[Data excerpts]
□ □ □ □

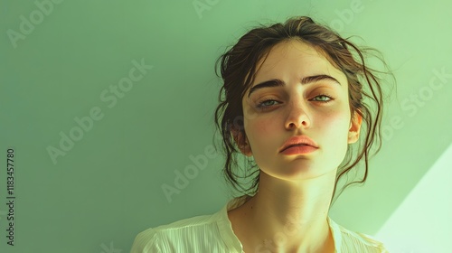 A woman with an expression of exhaustion, slouched shoulders, and tired eyes, against a pale green background
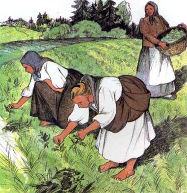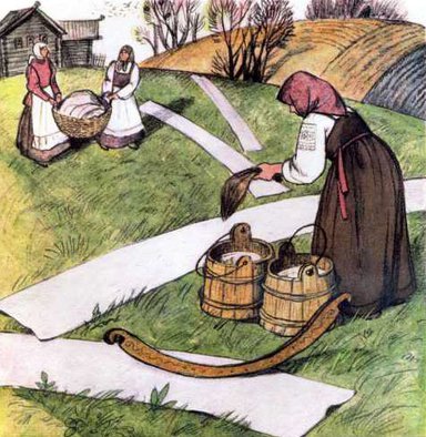 Когда холст был готов, стали его на морозе морозить, по снегу расстилать, а весной расстилали его по траве, на солнышке, и взбрызгивали водой. Сделался холст из серого белым, как кипень.
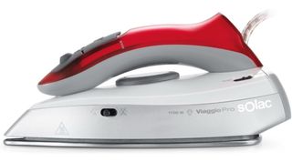 Plancha de viaje Solac Viaggio en color rojo y gris. Es compacta y ligera, ideal para llevar en maletas. - Potencia de 1000W. - Vapor vertical. - Doble voltaje (100-230V). - Base de planchado. - Mango plegable.
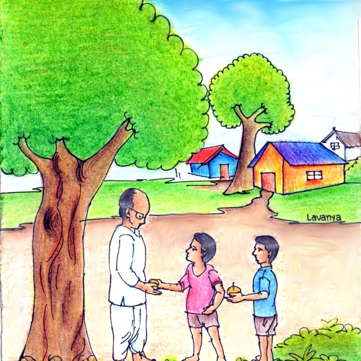 "ఇవి తినేందుకు పనికి రావేమో. ఇక్కడ ఒక్క పిట్ట కూడా లేదు చూసావా?" అన్నాడు పవన్, తనూ చుట్టూ కలయ చూస్తూ. "కొన్ని కోసుకెళ్దాంలే; మా తాతకు తెలీని చెట్టు లేదు. కనీసం ఇది ఏం చెట్టో అయినా తెలుస్తుంది" అంటూనే గబగబా చెట్టు ఎక్కిన గణేష్, చకచకా కొన్ని కాయలు కోసి, పవన్ దగ్గరికి విసిరాడు.
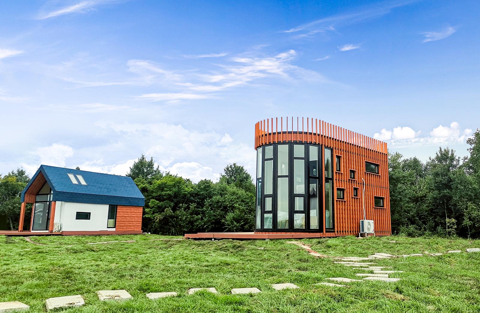 十几栋用装配式建筑建成的汽车营房错落有致地分布在黑龙江畔,彼此相隔适当距离,保留隐私。红墙灰瓦的房子,与蓝天碧草交相辉映,风景如画。偌大的落地窗为室内带来极好的采光,更衔接了室内空间与外部环境,使人全身心地享受自然之趣。
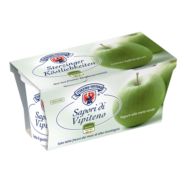 YOGURT DI LATTE INTERO con fermenti lattici vivi, preparato alla mela verde (mela e succo concentrato di mela 8% sul totale, zucchero, sciroppo di glucosio-fruttosio, amido modificato di mais, aroma). SENZA GLUTINE
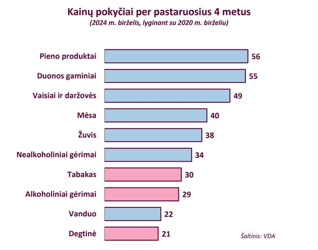 Pasak ekonomisto, per tą laiką Lietuvoje maisto produktai pabrango (48 proc.) labiau nei alkoholis (29 proc.) ir tabakas (30 proc.).
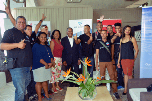 La délégation réunionnaise, avec le ministre du Tourisme Roland Ratsiraka, hier à Ivato.
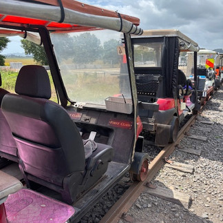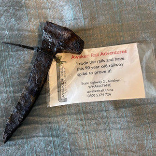 Many of us took a Golf Cart Ride along a piece of New Zealand's rail history. Our ride was in cleverly adapted Golf Carts which were self-driven along rail tracks. We were in a 4 seater Golf Cart. Our "driver" had a Go foot pedal, a brake pedal, and an on-off key. Yes, there was a steering wheel but it was simply a toy. I was our designated "navigator". I held the 2-way radio and communicated with our Tour Leader/Guide. Since we were in the last car of our 10 car Train, my job was to say "Roger" whenever the Leader asked if we were doing OK back there. One time I did respond "Sorry, we are catching up after we stopped at the Saloon". Since all Carts had their own Radio, I heard a lot of chuckling. Our 3rd team member was in charge of Photography since neither the Driver nor the Navigator could focus on picture taking. The scenery was beautiful. We stopped along the way to visit the Gumboot Fence. There were several hundred boots nailed to the fence. We stopped for lunch and were provided a true Kiwi box lunch of Meat Pies and fruit. Alas, only juice to drink. We also discovered that Putin had stopped by the latrine. I was the only member of our 40 person group who was honored with a gift at the end of the trip - An honest to goodness Rail Road Spike. Tag reads "I rode the rails and I have this 90 year old railroad spike to prove it". Our Tour Guide/Leader Owner of Awakeri Rail Adventures was a 30 year retired policeman who was a fun flirt. I may have a boyfriend in NZ when I return in 3.5 years.
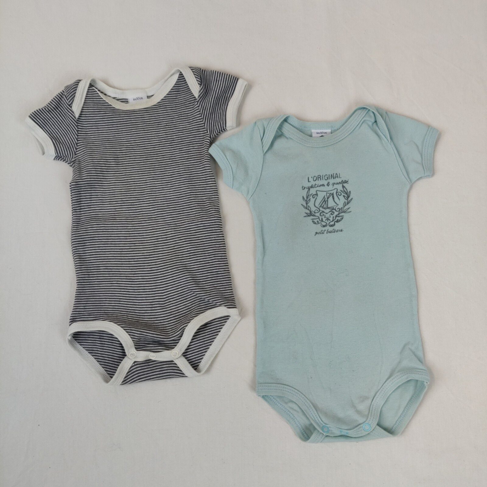 Autres commentaires : Lot de 2 bodies à manches courtes. Un body vert avec motif central voilier noir accompagné de l’inscription « L’original tradition et qualité Petit Bateau ». Legère tâche de décoloration au niveau du col. Un body à motif milleraies blanc et bleu marine. Une tâche marron au niveau du col.
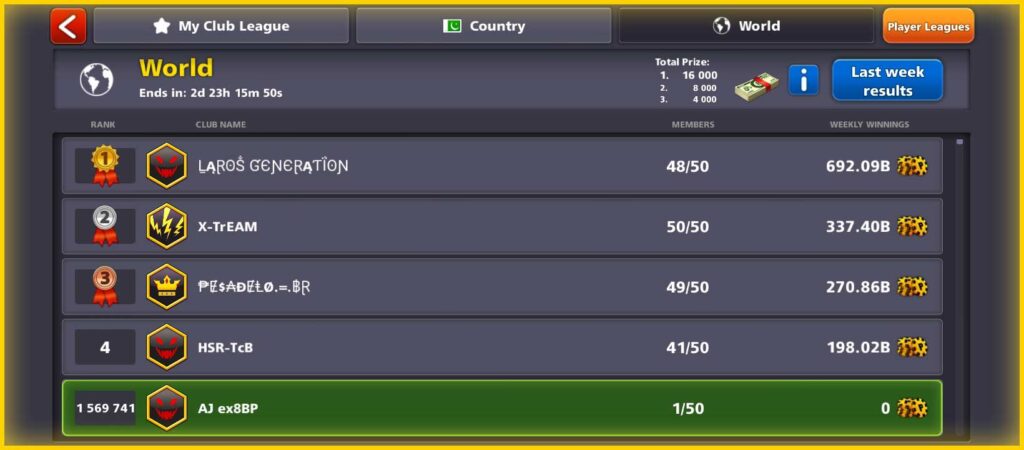 - World Club Rewards: 16,000, 8,000, 4,000 Cash (Top 3 Clubs)
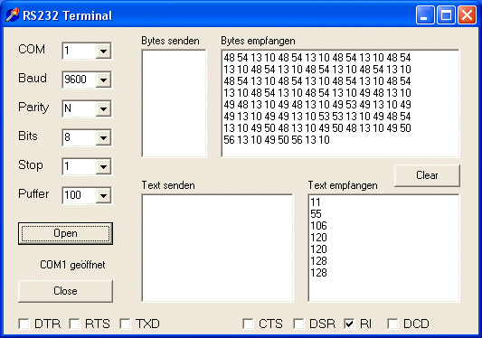 Das Ergebnis kann nun mit meinem Terminal.exe überprüft werden. Im Anzeigefenster sieht man die eintreffenden Messergebnisse. Weil die Eingangsspannung gleichzeitig an RI liegt, zeigt das Programm einen 1-Pegel.
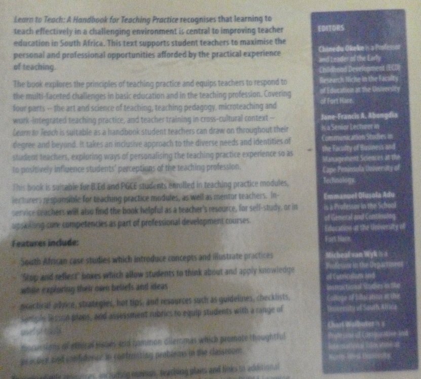 Learn to Teach . A Handbook for teaching Practice Published by Oxford Edited by C Okeke . Abongdia . Adu ... 2020 5th Ed. Condition : v good ; title page slightly marked R200 Postage : by the courier of your choice Postnet /Courier guy/Express etc...plus R10 for packaging if local = Durban Westville = collect / deliver Contact Toni or steve at Email Cell or
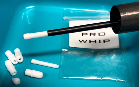 Die Acolyte Pro Whip hat dagegen in seinem Zusatzkit eine Vollspitze wie bei der Originalrute drin.
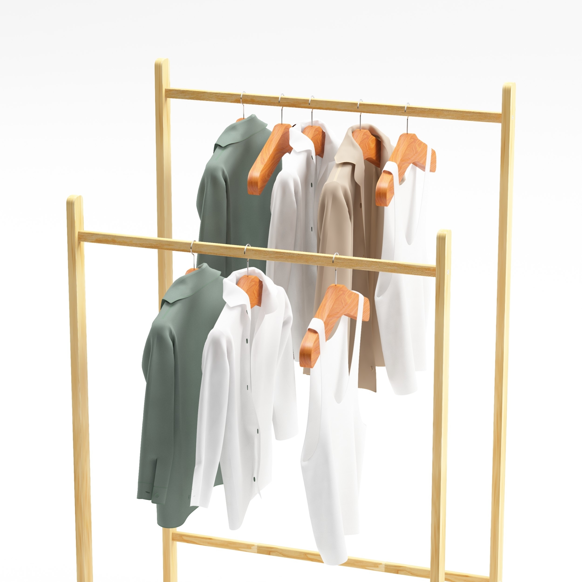 Datorită celor două bare pentru umerașe, poți separa ușor jachetele, cămășile, paltoanele sau accesoriile. Designul simplu și modern se integrează armonios în diverse stiluri de amenajare, iar construcția stabilă îl face potrivit pentru utilizare de zi cu zi.

□ □ □ □

Description of the task =
The reply should hold only the lines running from the top of the records to the line containing "La délégation réunionnaise, avec", both included, copied exactly with no pictures.

Finished exercise =
 A woman with an expression of exhaustion, slouched shoulders, and tired eyes, against a pale green background
 Когда холст был готов, стали его на морозе морозить, по снегу расстилать, а весной расстилали его по траве, на солнышке, и взбрызгивали водой. Сделался холст из серого белым, как кипень.
 Plancha de viaje Solac Viaggio en color rojo y gris. Es compacta y ligera, ideal para llevar en maletas. - Potencia de 1000W. - Vapor vertical. - Doble voltaje (100-230V). - Base de planchado. - Mango plegable.
 "ఇవి తినేందుకు పనికి రావేమో. ఇక్కడ ఒక్క పిట్ట కూడా లేదు చూసావా?" అన్నాడు పవన్, తనూ చుట్టూ కలయ చూస్తూ. "కొన్ని కోసుకెళ్దాంలే; మా తాతకు తెలీని చెట్టు లేదు. కనీసం ఇది ఏం చెట్టో అయినా తెలుస్తుంది" అంటూనే గబగబా చెట్టు ఎక్కిన గణేష్, చకచకా కొన్ని కాయలు కోసి, పవన్ దగ్గరికి విసిరాడు.
 十几栋用装配式建筑建成的汽车营房错落有致地分布在黑龙江畔,彼此相隔适当距离,保留隐私。红墙灰瓦的房子,与蓝天碧草交相辉映,风景如画。偌大的落地窗为室内带来极好的采光,更衔接了室内空间与外部环境,使人全身心地享受自然之趣。
 YOGURT DI LATTE INTERO con fermenti lattici vivi, preparato alla mela verde (mela e succo concentrato di mela 8% sul totale, zucchero, sciroppo di glucosio-fruttosio, amido modificato di mais, aroma). SENZA GLUTINE
 Pasak ekonomisto, per tą laiką Lietuvoje maisto produktai pabrango (48 proc.) labiau nei alkoholis (29 proc.) ir tabakas (30 proc.).
 La délégation réunionnaise, avec le ministre du Tourisme Roland Ratsiraka, hier à Ivato.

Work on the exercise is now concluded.